Evanescence and the Dark Night of the Soul

Evanescence and the Dark Night of the Soul December 31, 2011

The Christian crossover band Evanescence has a new album.  They are one of my favorite modern groups, and a real departure from the 80’s metal I usually listen to.  I find Amy Lee to be an incredible singer, and I really appreciate the deft and subtle way in which they work Christian themes of hope and redemption into the usual brooding themes of goth music.

I have not heard the whole album yet (it came to my attention too late for me to ask Santa for a copy), but one song has gotten some airplay here”  My Heart Is Broken:

Here are the lyrics:

I will wander ’til the end of time, torn away from you.

I pulled away to face the pain.
I close my eyes and drift away.
Over the fear that I will never find
A way to heal my soul.
And I will wander ’til the end of time
Torn away from you.

My heart is broken
Sweet sleep, my dark angel
Deliver us from sorrow’s hold
(Over my heart).

I can’t go on living this way
But I can’t go back the way I came
Chained to this fear that I will never find
A way to heal my soul
And I will wander ’til the end of time
Half alive without you

My heart is broken
Sweet sleep, my dark angel
Deliver us

Change – open your eyes to the light
I denied it all so long, oh so long
Say goodbye, goodbye

My heart is broken
Release me, I can’t hold on
Deliver us
My heart is broken
Sweet sleep, my dark angel
Deliver us
My heart is broken
Sweet sleep, my dark angel
Deliver us from sorrow’s hold

In listening to this song I was reminded of St. John of the Cross and his poem The Dark Night of the Soul, especially the first few verses:

1. One dark night,
fired with love’s urgent longings
– ah, the sheer grace! –
I went out unseen,
my house being now all stilled.

2. In darkness, and secure,
by the secret ladder, disguised,
– ah, the sheer grace! –
in darkness and concealment,
my house being now all stilled.

3. On that glad night,
in secret, for no one saw me,
nor did I look at anything,
with no other light or guide
than the one that burned in my heart.

While John is concerned with the Dark Night, he wants to lead his reader to the far side:  the bright sweet dawn of union with God.  In this song, however, I hear the voice of someone who is in the middle of the Dark Night:  not sure how to go forward:  “I will wander ’til the end end of time.”   On one level unwilling to give up the quest– “I can’t go back the way I came“–but at the same time trapped in despair and looking desperately for a way out:  “I can’t go on living this way.”

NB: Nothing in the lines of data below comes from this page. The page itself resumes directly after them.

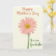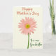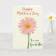 Designed with a graceful, simple look, the front features one daisy-like flower as the main focus 🌼. The bloom is a soft blush pink, with evenly spaced petals circling a textured center that shifts from light yellow-green into a warmer yellow. A slim, deep green stem rises from the lower edge, giving the flower a steady, upright presence that feels like a gentle offering ❤️. Everything sits against a creamy off-white background, with smooth, even lighting that keeps the colors soft and calm. Near the top, a short line of reddish-orange cursive-style lettering announces the occasion, floating above the flower without crowding it. Toward the lower right, a second line of deep emerald cursive-style text adds a dedicated message, like a quiet note left just for her. The pink petals fade slightly lighter at their tips, and the center shows tiny dotted texture with a subtle green-to-gold gradient.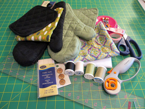 We recommend starting with a base pad and mitt in a solid color. This lets your quilting cotton accents really stand out. We chose both a celery green and a deep black and also spotted red, yellow, gray at the store we visited. Cotton twill tape adds the a perfect dividing line along the top of the mitt ruffle and the hot pad pocket.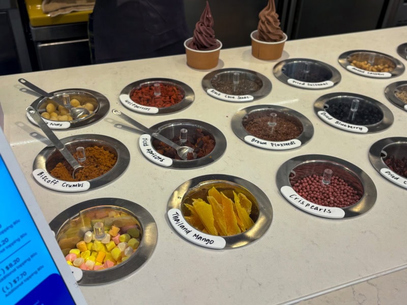 But the real fun starts with the wide array of toppings and drizzles to choose from.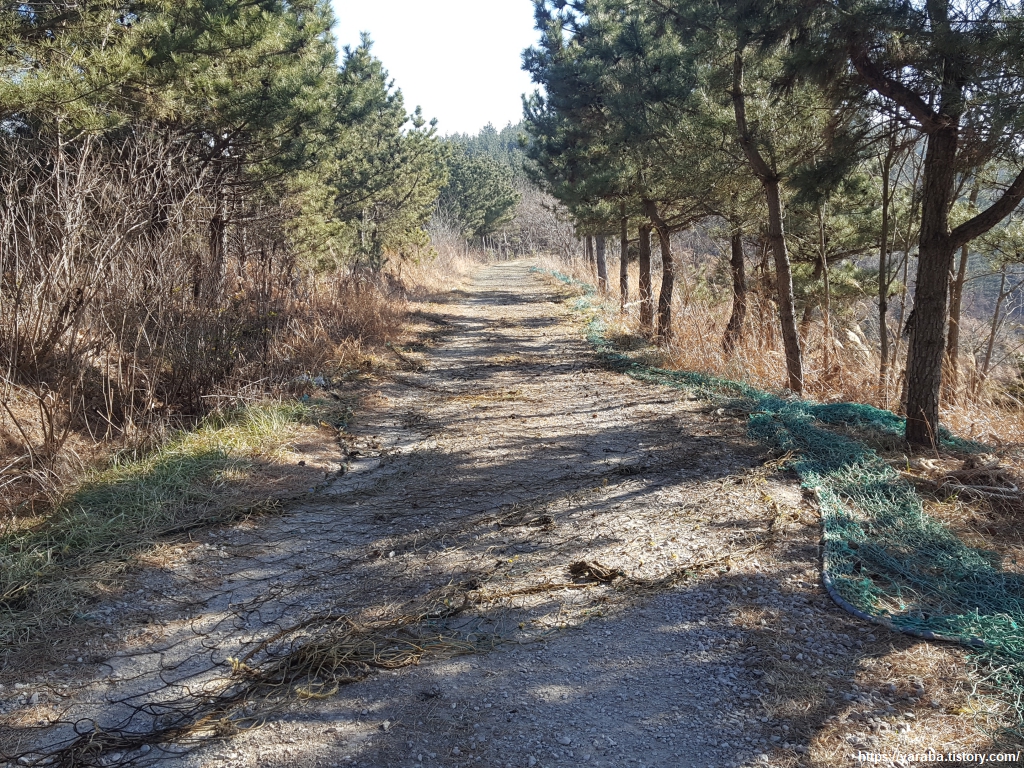 해변에 있어야 할 물고기 그물이 산중에 있다. 일정한 장소에 장기간 그물을 고정해 놓는 정치망 어업은 오랜 시간 어업을 진행하다 보면 각종 조류가 끼면서 주기적으로 바다에서 꺼내 말리고 터는 작업을 진행해야 하는데 이 좁은 땅 덩어리에서 그물을 넓게 펴서 말릴 공간도 부족하고 말리면서 나는 악취 때문에 민원이 빗발 한다고 한다. 결국 이렇게 인적이 드문 임도까지 그물 말리는 장소가 되었나 보다.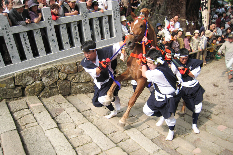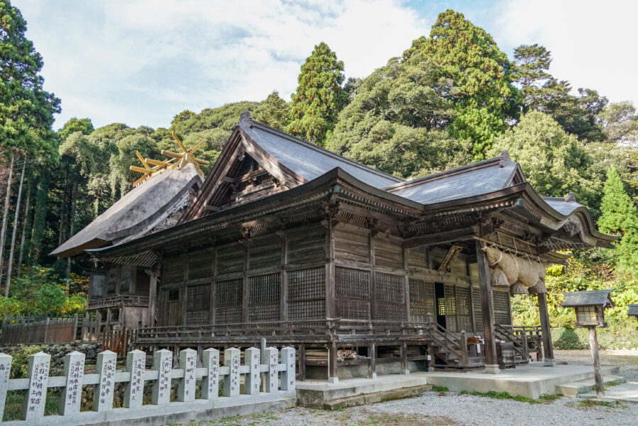 隠岐の島の開拓した玉若酢命(たまわかすのみこと)を祀る隠岐国の総社で、本殿は隠岐の島町最古。 境内の八百(やお)杉は樹齢約2000年と言われて、八百比丘尼が植えたという伝説もあります。 毎年6月5日には、御霊会風流(ごれえふりゅう)という勇壮な馬入れ神事が行われます。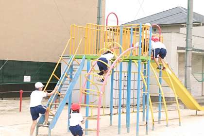 子どもたちがいろいろな遊具を使って体を動かしています。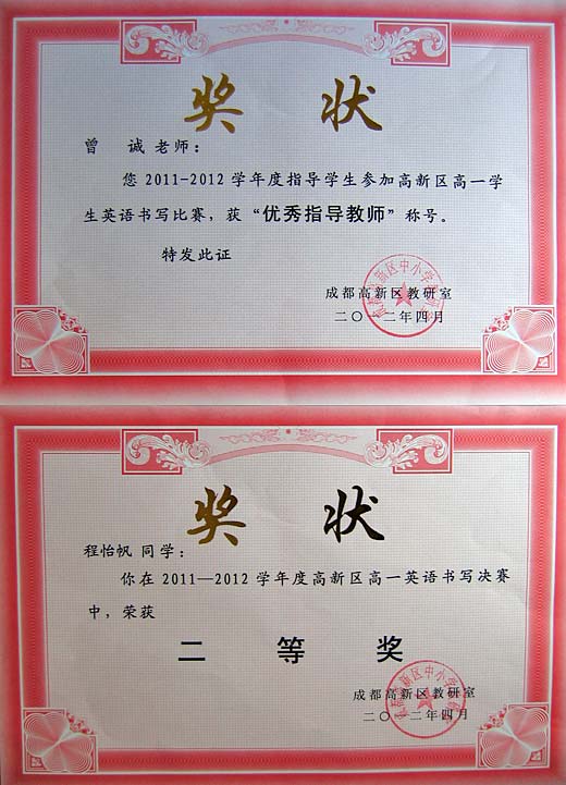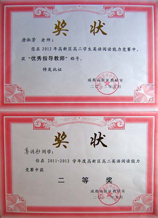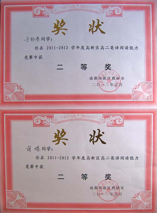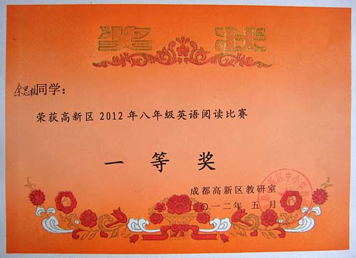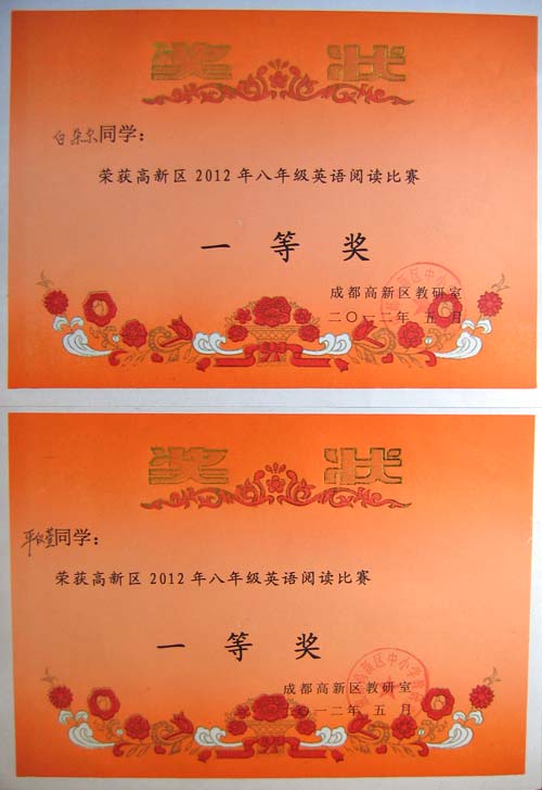 美視學子榮獲2012年高新區英語閱讀比賽一、二等獎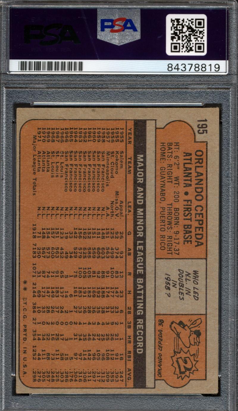 Orlando Cepeda Signed 1972 Topps #195 (PSA)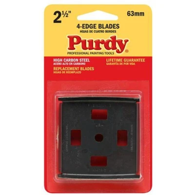 General description The Purdy® Four Edge Scraper Replacement Blades are crafted from strong high carbon steel, designed for use with the Purdy® Four Edge Carbide Scraper (PUR144900240). Each blade features four cutting edges, two for aggressive scraping and two for finishing, making them versatile for various applications, from heavy-duty surface preparation to detailed work. Technical specifications Material: High carbon steel Number of edges: Four Application: Heavy-duty scraping and finishing Compatibility and accessories Compatible with: Purdy Four Edge Carbide Scraper Contents: 1 Blade Installation Insert the blade into the scraper handle following the manufacturer's instructions. Ensure it is securely fixed before use. Usage Use for scraping surfaces, removing paint, varnish, or other materials. Apply appropriate pressure and replace blades when edges become dull for optimal performance.

The repeated refrain “My heart is broken/ Sweet sleep, my dark angel/ Deliver us from sorrow’s hold” suggests that despair is dominating.  There are overtones of self-destruction, calling sleep “my dark angel.”     But the last verse, Change – open your eyes to the light/ I denied it all so long, oh so long/
Say goodbye, goodbye,” despite the following refrain, suggests that some hope still abides.

This seems to me to be the essence of the Dark Night of the soul: to know, intellectually, that you are loved, but to feel no love at all.   To feel broken, incomplete, but knowing only the painful emptiness and finding nothing that can fill it.    To continue onward when, as Dorothy Day said, only the will remains.  Such a trial, but what a reward.  The temptation to turn back must be incredible; the fear of starting down this road is almost insurmountable.